16S rRNA Sequencing Directly in Clinical Specimens

We detected 16S rRNA genes in 7 (3.5%) of 198 clinical samples: all were 16S type 6 characteristic for B. anthracis. None of the seven specimens were culture positive (Table 4), although all specimens had been collected from patients with laboratory-confirmed anthrax.

Discussion

The goal of this study was to evaluate the potential of 16S rRNA sequencing to rapidly identify B. anthracis in cultures. We found that 16S rRNA genes of B. anthracis were highly conserved; only one 16S type (16S type 6) was identified in all 86 strains tested. However, not all B. anthracis 16S rRNA genes sequences in GenBank are type 6. Three of the eight B. anthracis 16S rRNA sequences are reported as type 7, a type that, in our study, we found exclusively among the B. cereus strains. The only difference between type 7 and type 6 is a mixed base pair at position 1146. The strain designations of two of these three 16S type 7 B. anthracis strains in GenBank are Ames and Sterne. We did not acquire these particular strains from the submitting laboratory, but the one Ames and two Sterne strains (obtained from different sources) in our collection were consistently type 6. A third Sterne strain 16S rRNA sequence in GenBank is also type 6.

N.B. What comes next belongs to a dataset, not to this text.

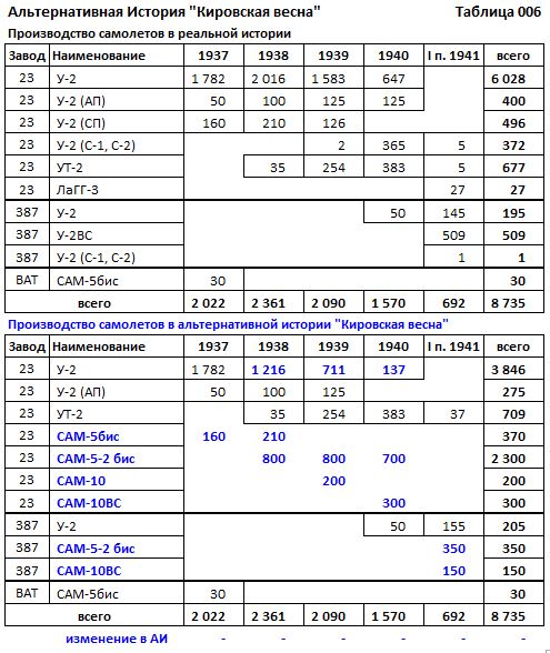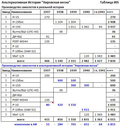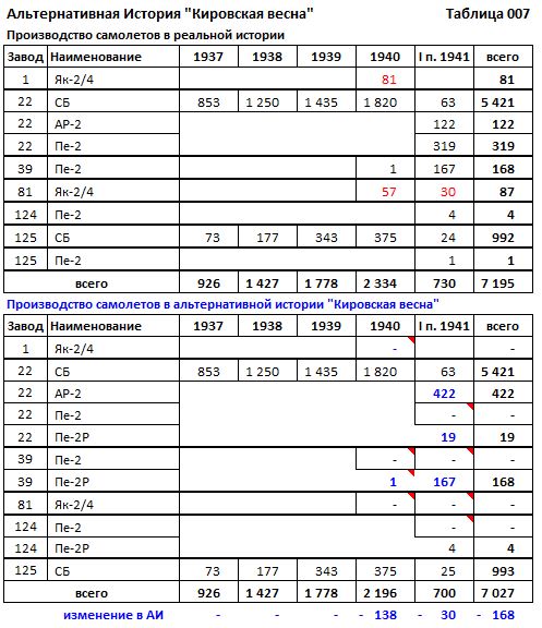 В итоге вышеуказанных изменений производственных программ авиазаводов, в альтернативной реальности «Кировская весна» общее число произведенных за период с 1935 года по первую половину 1941 года самолетов снизилось на 1896 единиц.

One possible explanation for these different 16S rRNA sequencing results may be the use of different sequencing approaches, such as using cloned DNA versus genomic DNA as template. In sequencing clones, one allele may be missed if only a few clones are sequenced, not representing the total diversity. In this case, the position with the mixed base would not be detected. If both types 6 and 7 exist in B. anthracis, the difference may be due to recombination, mutation, or loss of an allele. The type 7 B. anthracis sequences in GenBank are unpublished; therefore, we do not know if the genes were cloned and, if so, how many clones were sequenced.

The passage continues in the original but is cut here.